In a movie series so absurdly concerned with family, it’s forgotten the basics: Sometimes the strongest bonds are forged in mourning those we’ve lost. It’s a lesson that Fast & Furious used to know, and could benefit from learning again before it’s too late.

Warning: Major spoilers for Fast X ahead.

Fast X, directed by Louis Leterrier, marks the first of two movies that brings the Fast & Furious series to the finish line. It mostly deals with the stylish and sociopathic Dante Reyes (Jason Momoa), who seeks revenge against Dominic Toretto (Vin Diesel) after his crew stole his family fortune and killed his father in 2011’s Fast Five.

You see immediately how Dante’s motivations are quintessentially Fast & Furious, a series so razor-focused on its singular theme it now gives everyone a secret brother or daughter. But Fast X’s ending reveals the Fast Saga publicly wrestling with what was once its strongest asset.

What Happens at the End of Fast X?

Fast X has a grim and somewhat ambiguous ending, although it’s clear Fast 11 is aiming to do something epic on the level of Avengers: Endgame.

Universal Studios

For once, the series takes on a grim, ambiguous conclusion. It doesn’t end at Dom’s neighborhood barbecue, with ice cold Coronas and reggaetón out the speakers.

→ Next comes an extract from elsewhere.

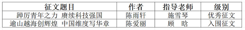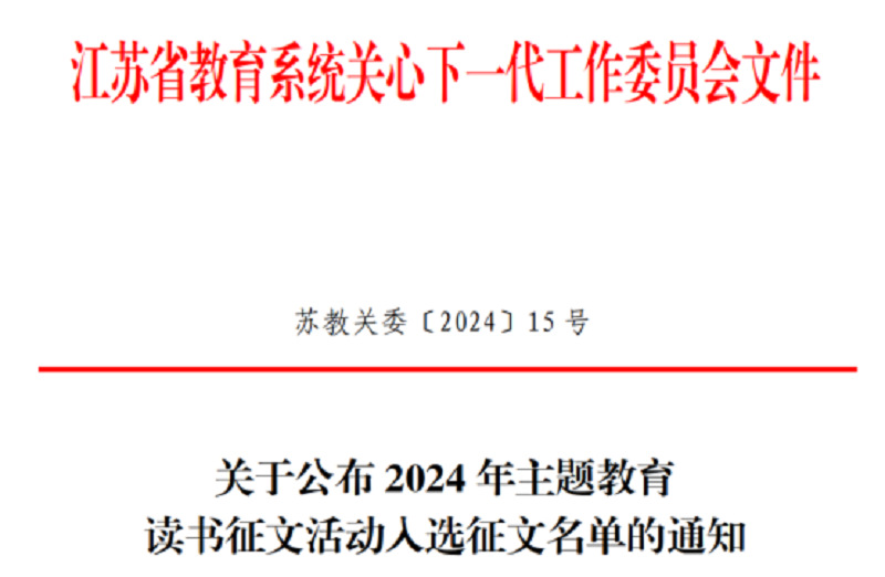 近日,省教育系统关工委公布2024 年主题教育读书征文活动入选征文名单,我院学生征文作品获优秀征文1篇、入围征文1篇。
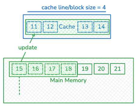 캐시 동작은 HW에서 관리한다면서 굳이 이렇게 배우는 이유가 뭐냐? → cache miss 발생시 cache가 메인 메모리에서 참조하는 방식에 따라 성능의 차이가 크기 때문!!

It ends with Dom’s vintage Charger at the bottom of a river at the foot of a dam, and a chunk of the “family” presumed dead in a burning plane. The uncertainty of knowing for sure if they’ll come out okay in the end is what lends the movie a sense of dread that hasn’t been genuinely felt in these movies in a long time, if at all.

But any sense of stakes is undercut immediately by yet another “resurrection.” After Han’s laughably convoluted comeback in F9, Fast X now ends with Gisele alive, arriving to rescue Letty and Cipher from the Antarctica prison, with nary a scratch on her. (And yes, that’s Gal Gadot, in her second surprise cameo of the year.)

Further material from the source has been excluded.